AWO joins Green Marine to advance environmental stewardship
The American Waterways Operators has joined Quebec-based Green Marine, the largest voluntary environmental certification program for North America’s maritime industry. As a member, the AWO will work to advance environmental stewardship in the U.S. tugboat, towboat and barge industry.

“This partnership will provide AWO more tools and resources to share with our members and help them excel in a world of evolving environmental expectations,” AWO President and CEO Jennifer Carpenter said in a prepared statement.

Although the AWO is a new member of Green Marine, the groups have been collaborating for years. Dr. Eleanor Kirtley, Green Marine’s senior program manager, has been serving on AWO’s Environmental Stewardship Working Group since its inception.

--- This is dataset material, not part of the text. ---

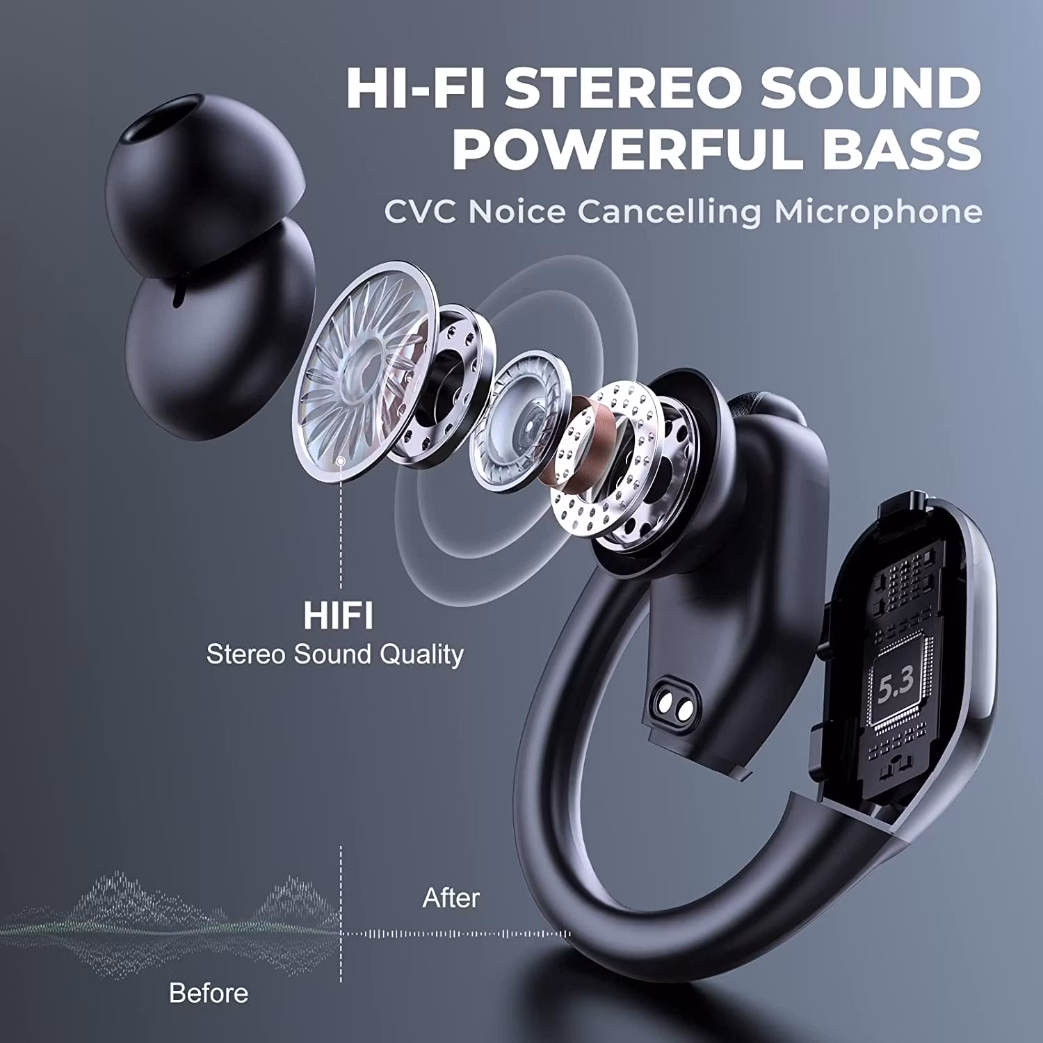IPX7 svettsäker och ergonomisk design: Dessa svettsäkra sporthörlurar använder nano-coating för att professionellt skydda interiören från påverkan av vatten och svett och förlänga livslängden. Den unika öronklädda designen överensstämmer med den ergonomiska designen, vilket gör hörlurarna bekväma. Även vid kraftig träning behöver du inte oroa dig för att headsetet ska glida av.

The working group is developing solutions for the tugboat, towboat and barge industry in key environmental areas such as air and water quality, waste management, energy efficiency and corporate responsibility.

“We are very pleased to formalize an existing collaboration between AWO and Green Marine on defining environmental best practices,” said Green Marine Executive Director David Bolduc. “Welcoming AWO as our 35th association member is another step in a growing collaboration between our two organizations.”

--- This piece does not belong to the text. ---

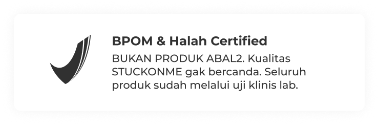 BUKAN PRODUK ABAL2. Kualitas STUCKONME gak bercanda. Seluruh produk sudah melalui uji klinis lab.
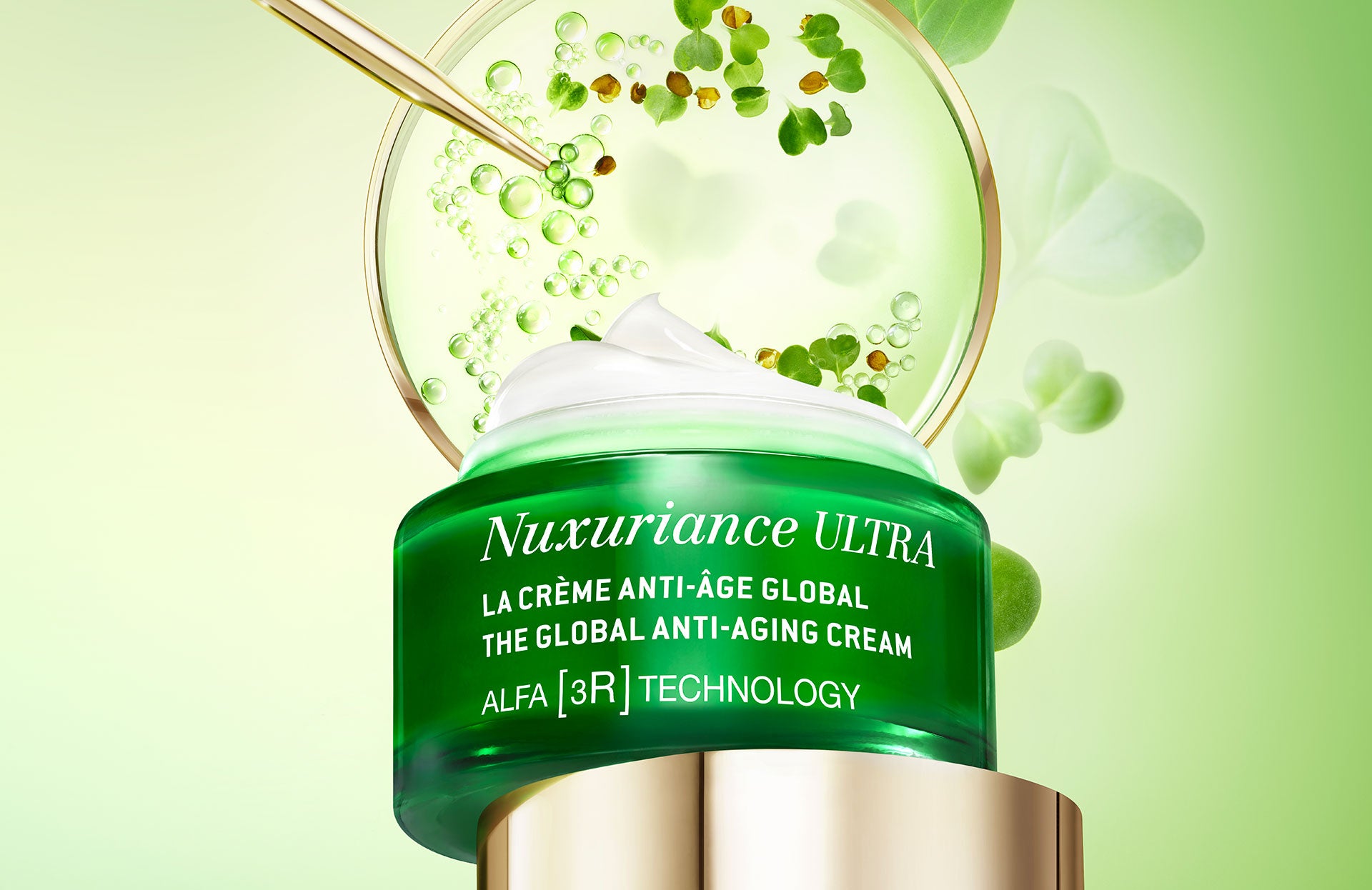 El Laboratorio confirmó su excelencia en el cuidado facial con esta innovación antiedad global a base de ingredientes vegetales patentados. Ofrece a las mujeres exigentes una eficacia probada en cuanto a la densidad de la piel y las manchas. En 2024, la gama se convirtió en Nuxuriance Ultra Alfa [3R], integrando una tecnología más eficaz que el rétinol ⁽⁷⁾ en 3 acciones en la piel. El no va más en antienvejecimiento.

Brian Bailey, AWO’s director for safety and environmental stewardship, is a member of the committee organizing Green Marine’s annual flagship event, GreenTech, a conference focused on maritime transportation and its greater sustainability through greener technologies, innovation and best practices. Bailey also moderated GreenTech 2020’s session on reducing and measuring greenhouse gas emissions.


DHS offers resources to protect infrastructure from GPS spoofing
The Department of Homeland Security’s Science and Technology Directorate has released resources to protect against Global Navigation Satellite System (GNSS) spoofing, or deceiving a GPS device through false signals.

Accurate positioning, navigation and timing (PNT) is necessary in many critical infrastructure sectors. Precision timing is particularly important and is primarily provided through GPS. However, GPS’ space-based signals are low power and unencrypted, making them susceptible to both intentional and unintentional disruption.

The PNT Integrity Library and Epsilon Algorithm Suite advance the design of PNT systems and increase the resilience of critical infrastructure to prevent related disruptions.

“The increasing reliance on GPS for military, civil and commercial applications makes the system vulnerable,” according to Space Policy Directive-7, which was signed by President Trump on Jan. 15. “GPS users must plan for potential signal loss and take reasonable steps to verify or authenticate the integrity of the received GPS data and ranging signal, especially in applications where even small degradations can result in loss of life.”

The PNT library and algorithm suite provide users with a method to verify the integrity of the GPS data. “We are excited to release these resources to the PNT community to improve resiliency against potential GPS signal loss,” said Brannan Villee, PNT program manager for the Science and Technology Directorate.